I've never used the mammoth ivory but I got a lot of pre-ban elephant ivory last year. I used a bandsaw and went by eye. Did a lot of sweating in the process. I think either Bruce Bump, Bruce Evans or Tom Mayo would have some tricks for you. Tom was very helpful when I started using it.
 
Blackboogers (I love that nick, so appropriate for us makers:))

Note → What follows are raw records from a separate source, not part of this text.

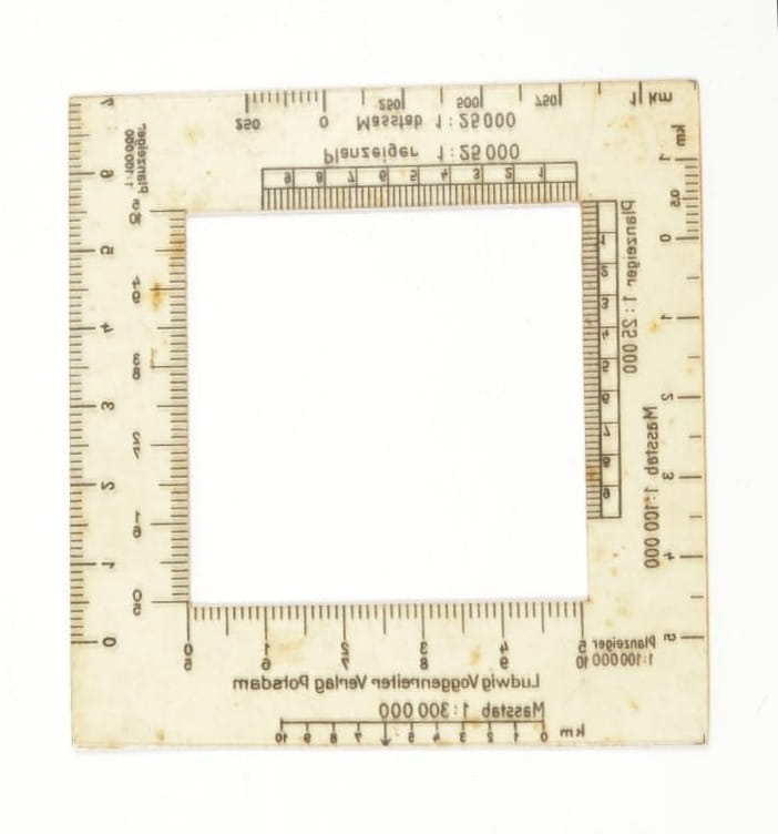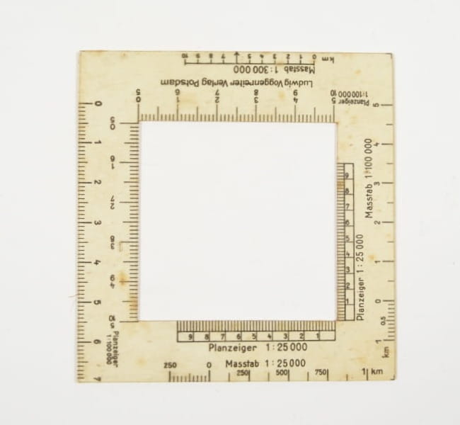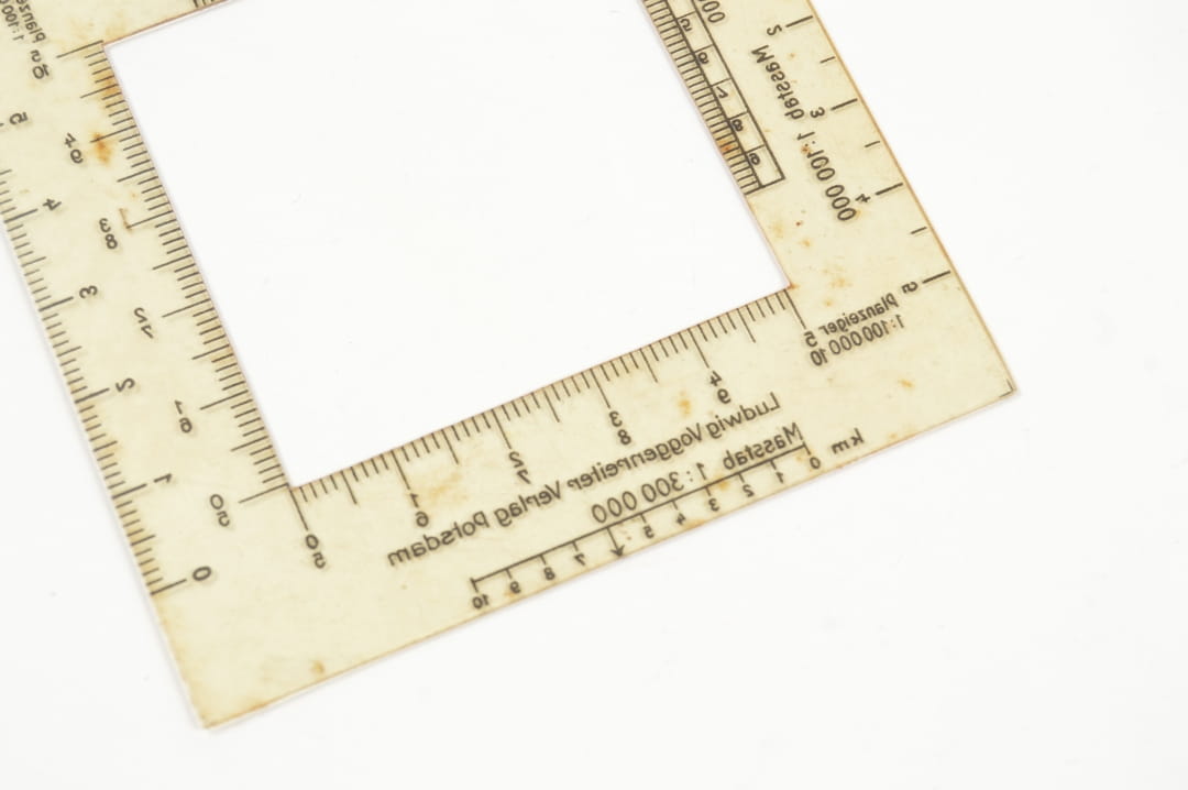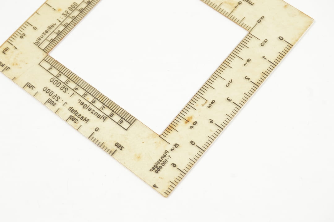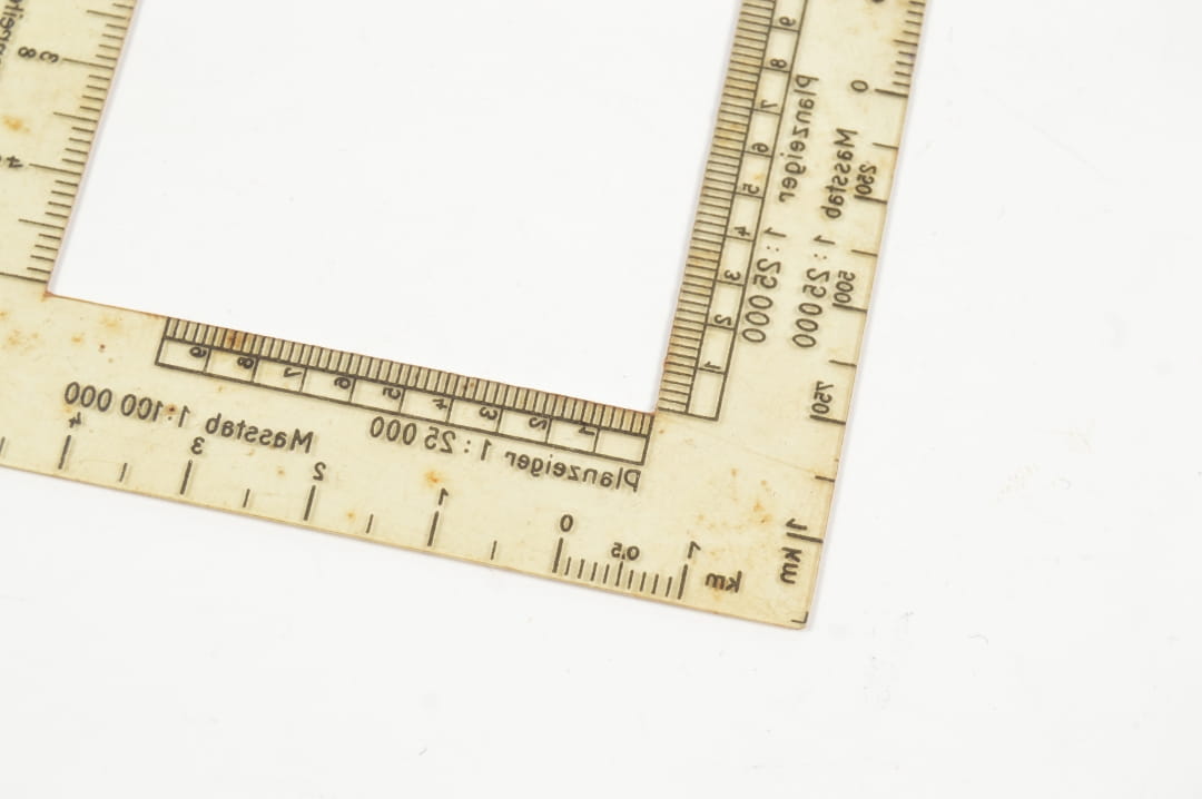Linijka kwadratowa ze skalami do map. Wykonana z tworzywa.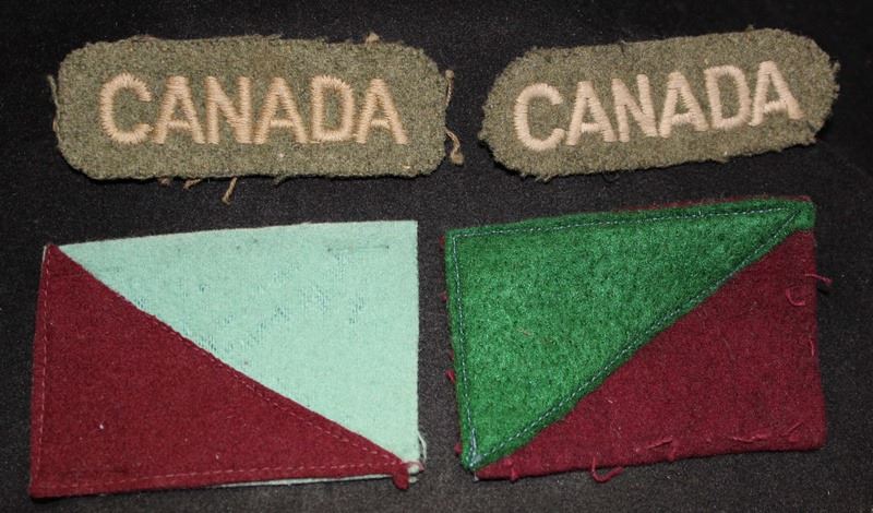 Lot of 4. 2 - 8th Canadian Div., Maroon over green, one - 1st pattern, dark green sewn onto maroon rectangle, was sewn on at one time, threads remain and one - 2nd pattern, maroon sewn on light blue green, shows some age dulling. 2 - WW2 CANADA flashes, light tan on khaki, show some age dulling.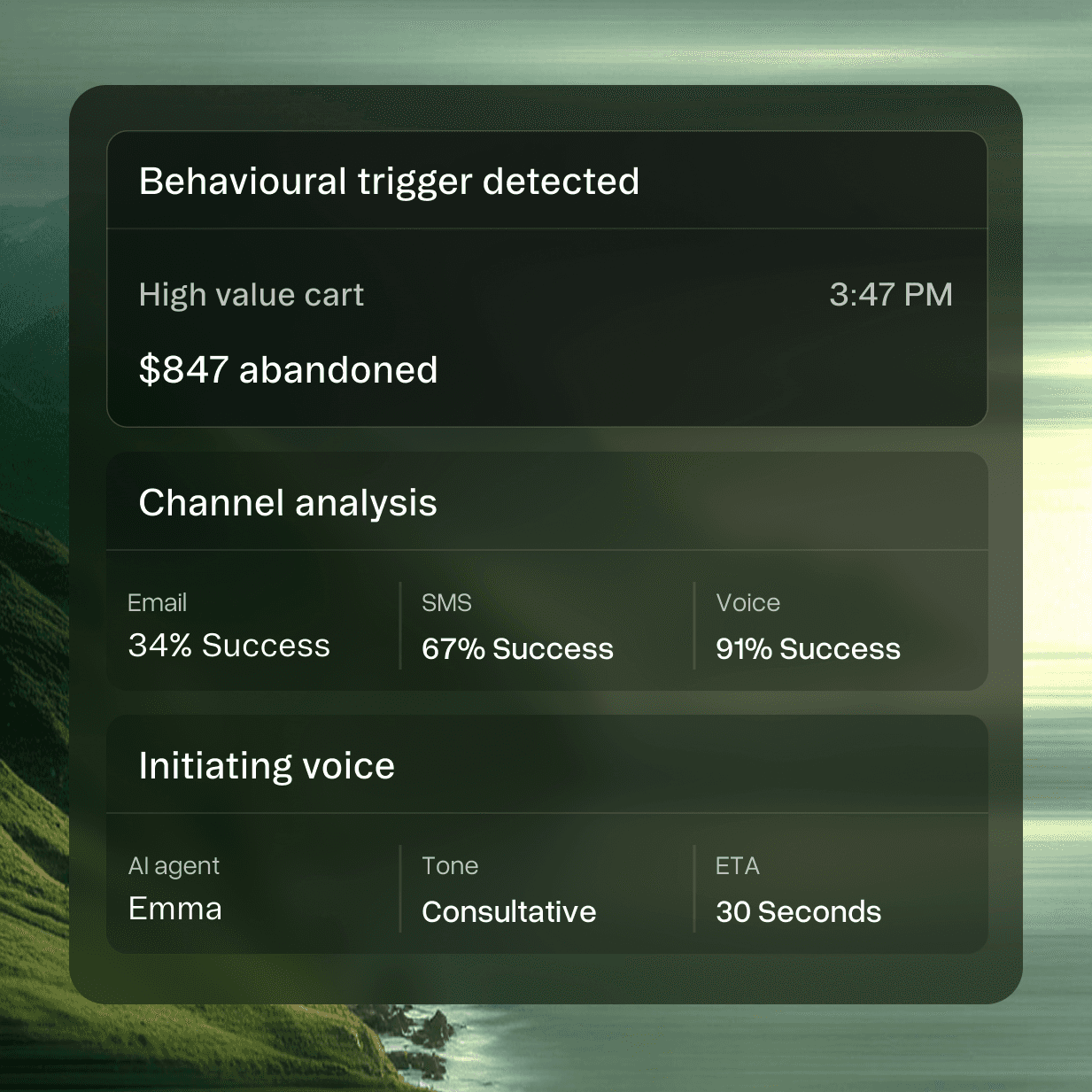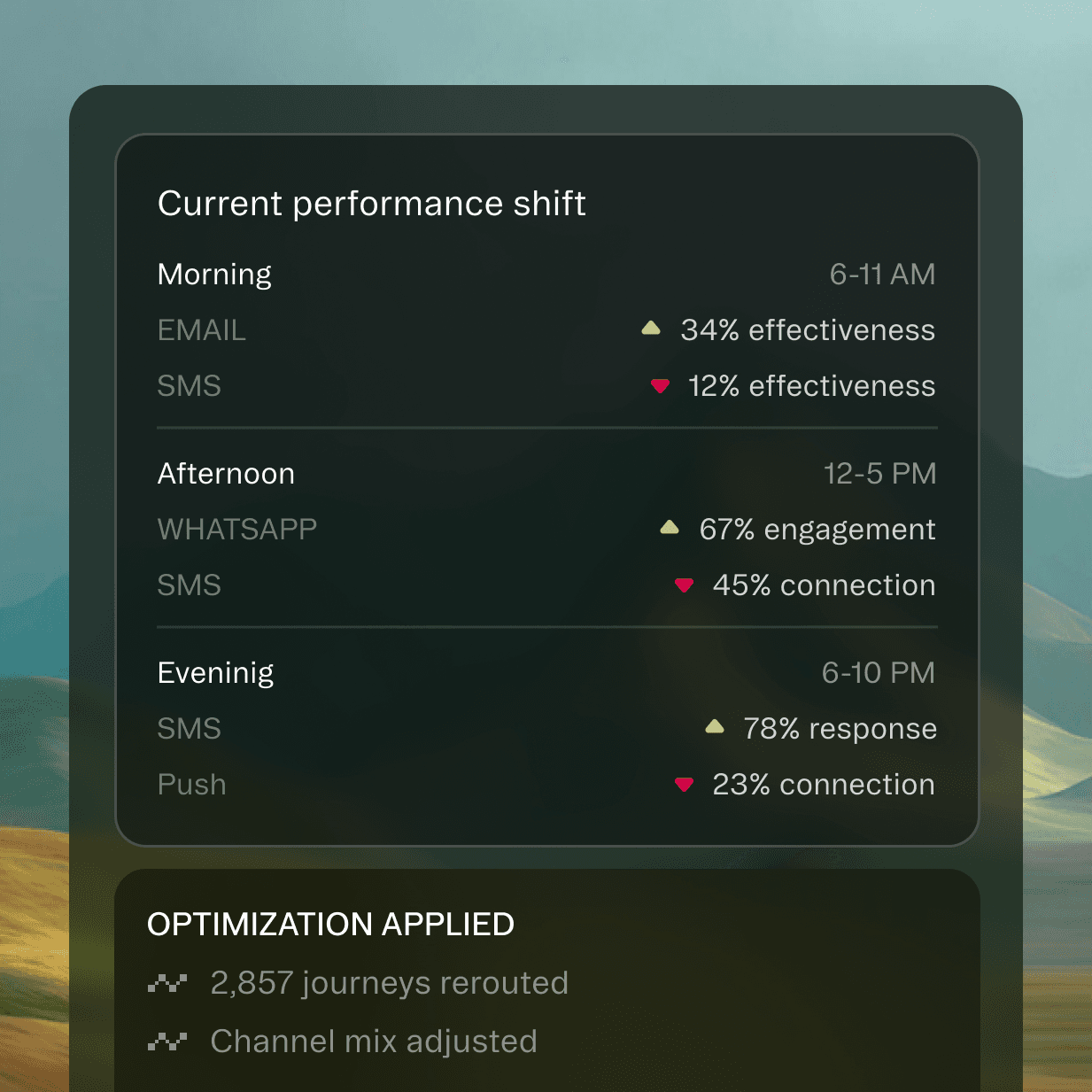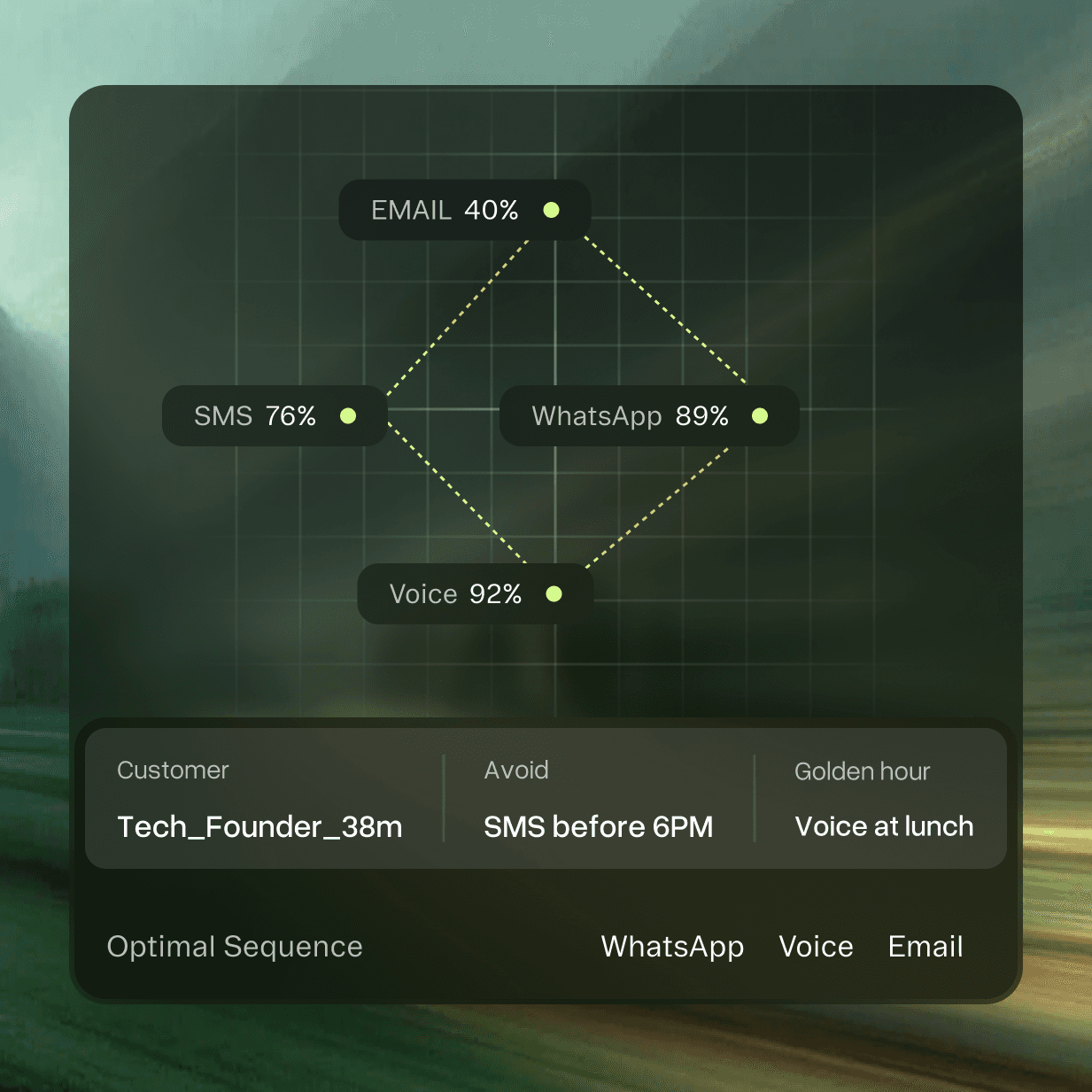 See channel effectiveness 30 seconds ahead. Our sub-1MB AI predicts with 89% accuracy which channel will convert, automatically switching from SMS to Voice when detecting purchase hesitation, or from Email to WhatsApp when urgency peaks.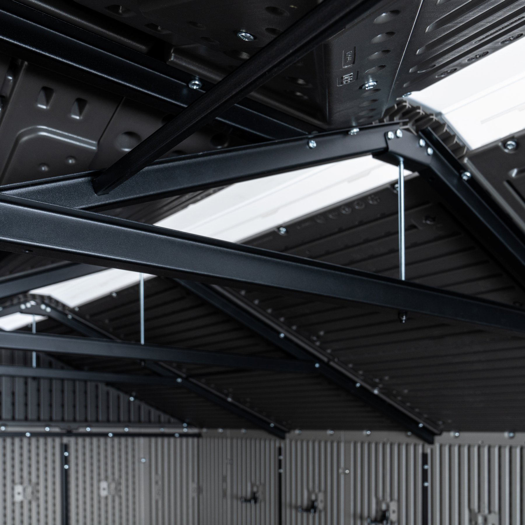Robustní plastový domek "nové generace" k uskladnění zahrádkářských, sportovních, bazénových, grilovacích, campingových, motoristických a dalších potřeb. Moderní design, snadná montáž, celoroční použití. Zahradní domek má nosnou kovovou konstrukci a dvojité stěny, střecha, dvojité dveře, podlaha jsou vyrobeny z masivního velmi odolného a prakticky nerozbitného plastu. Plastová protiskluzová podlaha je součástí domku (je v ceně). Domek je vybaven dvoukřídlými dveřmi na pantech. Síla dvojité plastové stěny je 26 mm. Sklon střechy je 30o, což výrazně snižuje množství a tlak sněhu na střechu. Materiál domku (extrémně odolný polyethylen s UV filtrem) nežloutne ani nekřehne, takže odpadá pravidelné natírání domku jako je nutné v případě např. dřevěných domků - zahradní plastový domek je prakticky bezúdržbový. Domek je navržen a vyroben tak, aby montáž byla co nejjednodušší a nejkratší. Jednotlivé díly pouze zaklapnete do sousedních dílů a spoj zajistíte šroubkem.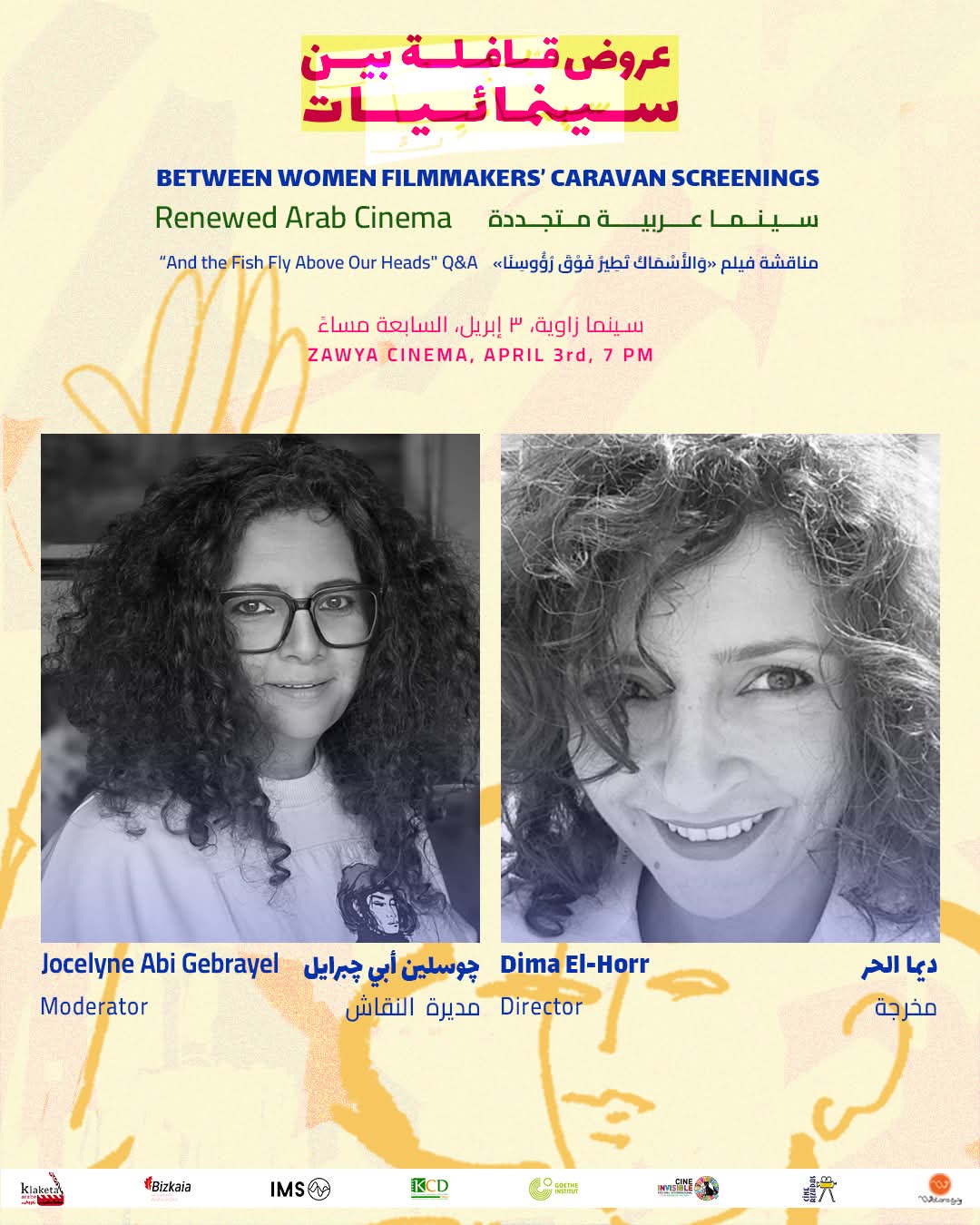 ويعقب العرض لقاء مع مخرجة الفيلم ديمة الحر في بيروت تديره من القاهرة مديرة التصوير اللبنانية جوسلين أبي جبرائيل، في وجود المخرجة أمل رمسيس مؤسسة قافلة بين سينمائيات.

I use a square piece of steel, 3"x3"x12" and hot glue the material to it, then either with the fence or free eye, bandsaw it. The steel is heavy and doesn't let it wander all over the place. After it is cut I double stick tape it to another steel place 1/2"x5"x6" and either fly cut it or surface grind it to the thickness I need.
 
I knew I was on the right track,it was the epoxy/wood combo I didnt like. Hot glue and heavy steel,that will work and the hot glue is much better than epoxy. Thanks,I knew somebody had the answer.
 
BB,
I'm a big fan of hot glue for odd sized handle material. Double stick tape is fine for flat stuff but lousy for uneven materials. BTW, Ace Hardware carries the best of the double stick tapes.
 
BB. I cut it to length (a little longer than needed) on my band saw, next I cut it to width. Next I square it on two sides so it will clamp into my milling machine vice. A 3/4" carbide mill will precision flatten it from there. If I didnt have a mill the hot glue idea sounds good.